Bi-functional peptides with both trypsin-inhibitory and antimicrobial activities are frequent defensive molecules in Ranidae amphibian skins

  • Xiuwen Yan
  • Huan LiuEmail author
  • Xuening Yang
  • Qiaolin Che
  • Rui Liu
  • Hailong Yang
  • Xiuhong Liu
  • Dewen You
  • Aili Wang
  • Jianxu Li
  • Ren LaiEmail author
Original Article

Abstract

Amphibian skins act as the first line against noxious aggression by microorganisms, parasites, and predators. Anti-microorganism activity is an important task of amphibian skins.

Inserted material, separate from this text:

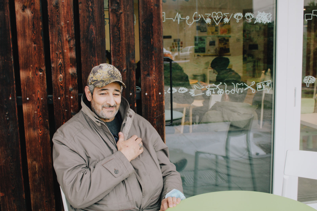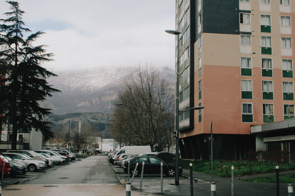 Nourredine est assis devant la façade en bois du Village 2 santé, un centre de soin communautaire, au milieu des tours. L’homme tient son café de la main droite, dont le pouce est tordu. L’horizon est bordé de montagnes. Nous sommes dans un quartier populaire du sud d’Échirolles, le Village 2, en périphérie de Grenoble. L’agent de sécurité s’est blessé en tentant d’attraper un homme. Malgré trois opérations, il n’a pas récupéré l’usage de son doigt. Après l’accident, il a demandé à son patron de le laisser travailler et a vite repris son poste. « J’ai une famille à nourrir », lui a-t-il dit.

A large amount of gene-encoded antimicrobial peptides (AMPs) has been identified from amphibian skins. Only a few of small protease inhibitors have been found in amphibian skins. From skin secretions of 5 species (Odorrana livida, Hylarana nigrovittata, Limnonectes kuhlii, Odorrana grahami, and Amolops loloensis) of Ranidae frogs, 16 small serine protease inhibitor peptides have been purified and characterized. They have lengths of 17–20 amino acid residues (aa). All of them are encoded by precursors with length of 65–70 aa. These small peptides show strong trypsin-inhibitory abilities. Some of them can exert antimicrobial activities. They share the conserved GCWTKSXXPKPC fragment in their primary structures, suggesting they belong to the same families of peptide. Signal peptides of precursors encoding these serine protease inhibitors share obvious sequence similarity with those of precursors encoding AMPs from Ranidae frogs. The current results suggest that these small serine protease inhibitors are the common defensive compounds in frog skin of Ranidae as amphibian skin AMPs.

Keywords

Amphibian Skin Antimicrobial peptide Innate immunity Protease inhibitor Serine 

Notes

Acknowledgments

This work was supported by Chinese National Natural Science Foundation (30830021, 30800185, 31025025), the Ministry of Science and Technology (2010CB529800, 2009ZX09103-1/091) and the Ministry of Agriculture (2009ZX08009-159B).

Conflict of interest

None.

Supplementary material

726_2011_1079_MOESM1_ESM.ppt (200 kb)
Supplementary material 1 (PPT 200 kb)
726_2011_1079_MOESM2_ESM.doc (24 kb)
Supplementary material 2 (DOC 23 kb)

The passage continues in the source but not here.